» **Working data**
Content starts
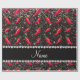 Chili-Paprikaschoten-Geschenkideen. Rotes Chili-Paprikaschotenmuster mit schwarzem Hintergrund des Glitters (NICHT WIRKLICHER GLITTER), mit hübsche schwarze Diamanten (nicht wirkliche Diamanten) mit Herzen und Punkte stripe personalisiertes mit Ihren Namensgeschenken oder Monogrammgeschenke oder Ihre Initialen.
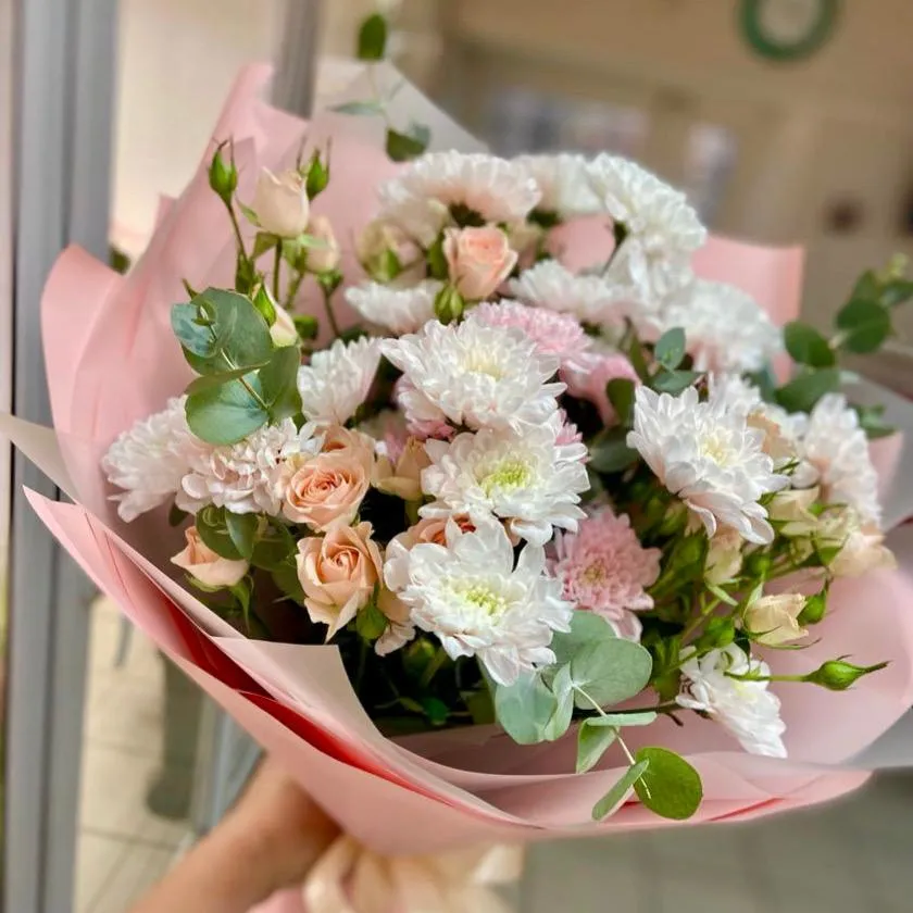 - Средний - кустовая роза - 3 шт., хризантема кустовая - 4 шт., упаковка, лента
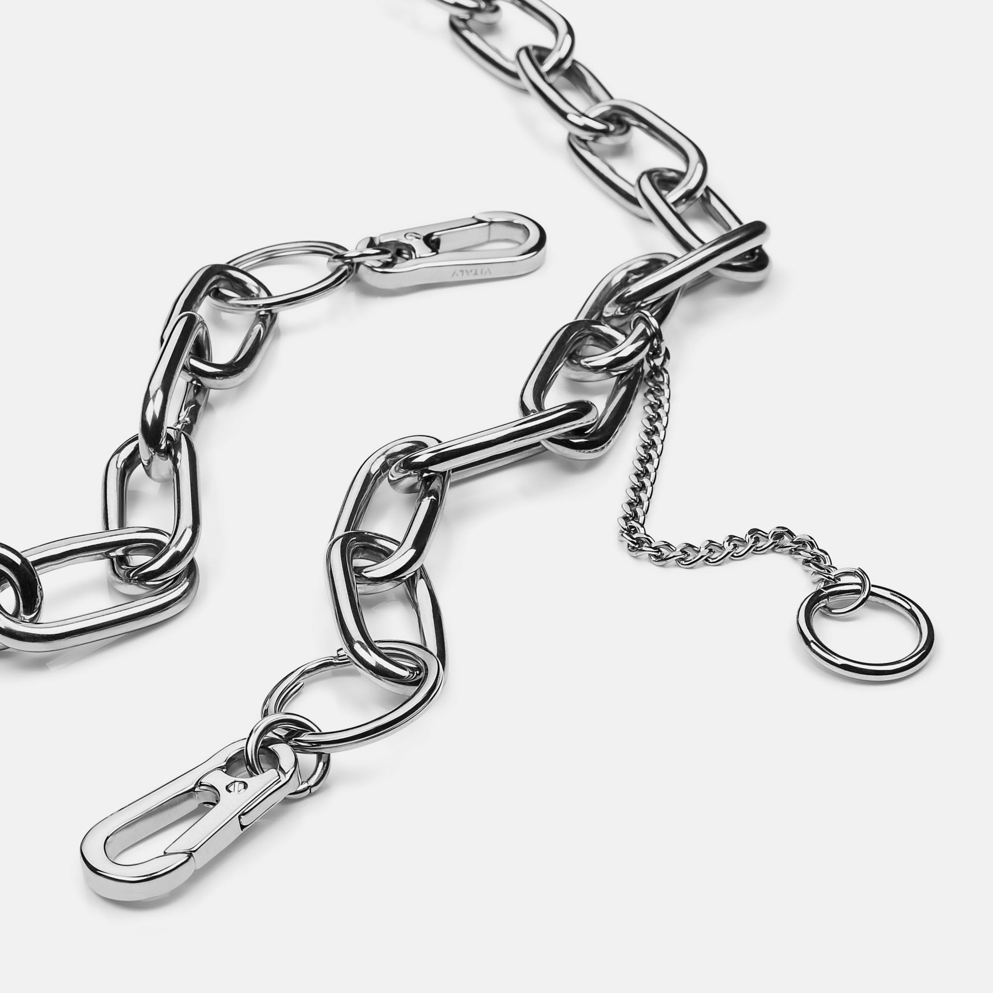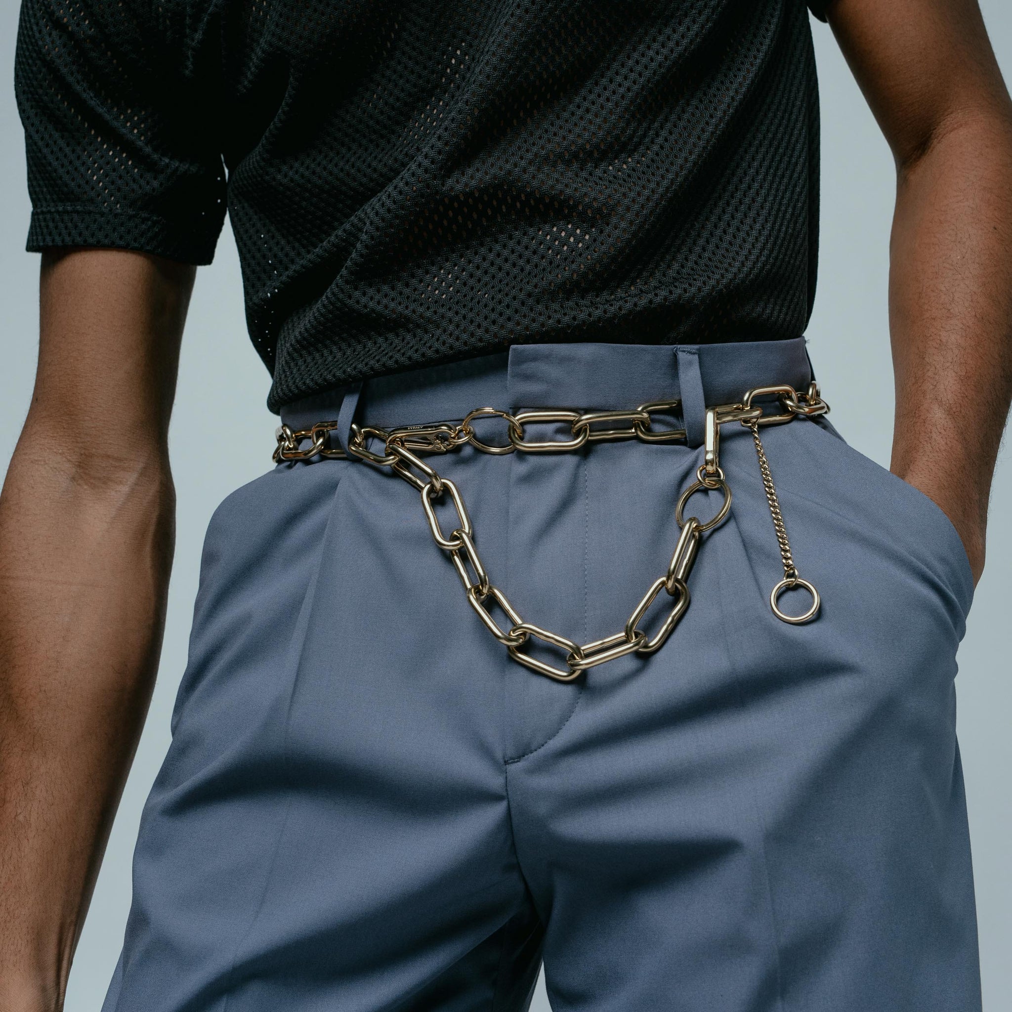 The Komponent is a heavy-duty chain belt designed for maximum impact. With custom carabiners on each end, the belt can be worn with the loose end dangling or clipped up. A slender secondary chain adds an element of contrast, but can be easily removed for a more streamlined look. The adventurous can even try rocking the Komponent as a cross-body strap. But no matter how you wear it, you can be sure you’ll turn heads.
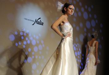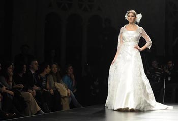 La colección denominada 'Ilusión' pretende reflejar un sentimiento que aboga por que todo recupere 'su nivel', un mundo donde los vestidos de novia se combinan con calzado en plata, tocados y muñequeras grises, que dan 'una armonía de color' en la pasarela.
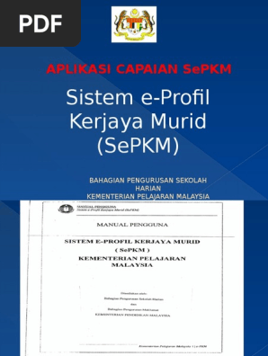 0 0 found this document useful Mark this document as useful. SEPKM ini merujuk kepada Sistem e-Profil Kerjaya Murid yang ditubuhkan oleh Kementerian Pendidikan Malaysia yang bertujuan untuk memantau perkembangan pelajar lepasan SPM. Ini adalah inisiatif PPPM dari 2013-2025 iaitu.
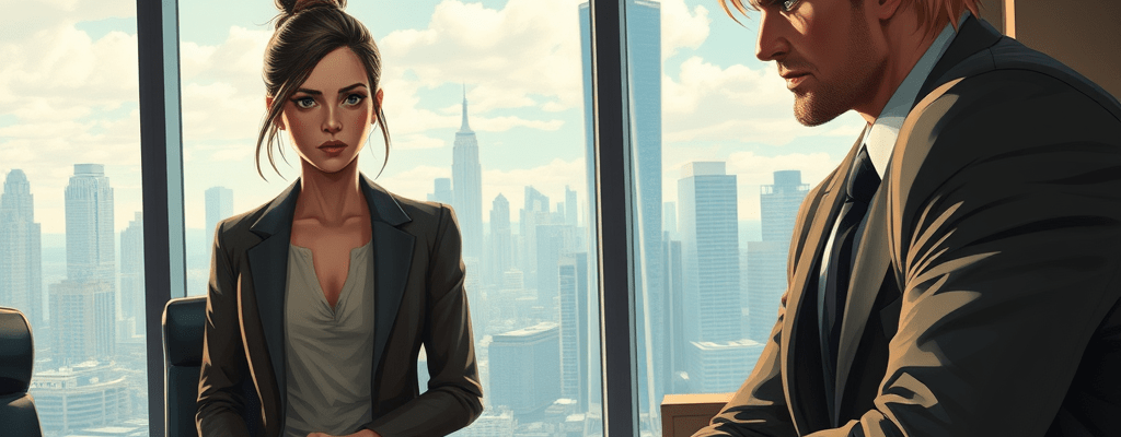 Damien’s office loomed around her like a gilded cage, adorned with floor-to-ceiling windows that offered a breathtaking view of the city skyline. The sleek, modern furniture exuded a polished elegance, and the atmosphere felt charged with the unspoken weight of multi-million-dollar deals being sealed before breakfast
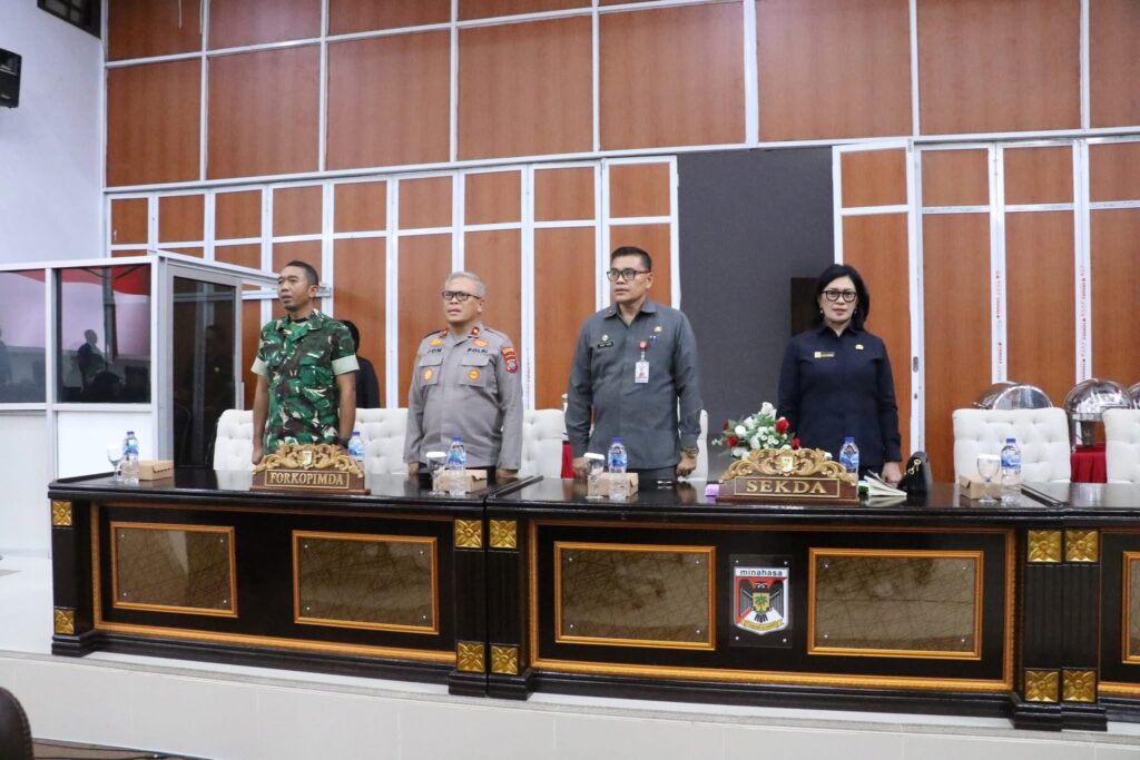 Turut hadir Sekretaris Daerah Minahasa Dr. Lynda D. Watania, Forkopimda, anggota DPRD, dan kepala Organisasi Perangkat Daerah (OPD) di lingkungan Pemkab Minahasa.
Content ends
» **Work request**
Once the line containing "La colección denominada" is found, it and every line through the end of the records above should be output exactly, with no pictures.

» **Result for this exercise**
 La colección denominada 'Ilusión' pretende reflejar un sentimiento que aboga por que todo recupere 'su nivel', un mundo donde los vestidos de novia se combinan con calzado en plata, tocados y muñequeras grises, que dan 'una armonía de color' en la pasarela.
 0 0 found this document useful Mark this document as useful. SEPKM ini merujuk kepada Sistem e-Profil Kerjaya Murid yang ditubuhkan oleh Kementerian Pendidikan Malaysia yang bertujuan untuk memantau perkembangan pelajar lepasan SPM. Ini adalah inisiatif PPPM dari 2013-2025 iaitu.
 Damien’s office loomed around her like a gilded cage, adorned with floor-to-ceiling windows that offered a breathtaking view of the city skyline. The sleek, modern furniture exuded a polished elegance, and the atmosphere felt charged with the unspoken weight of multi-million-dollar deals being sealed before breakfast
 Turut hadir Sekretaris Daerah Minahasa Dr. Lynda D. Watania, Forkopimda, anggota DPRD, dan kepala Organisasi Perangkat Daerah (OPD) di lingkungan Pemkab Minahasa.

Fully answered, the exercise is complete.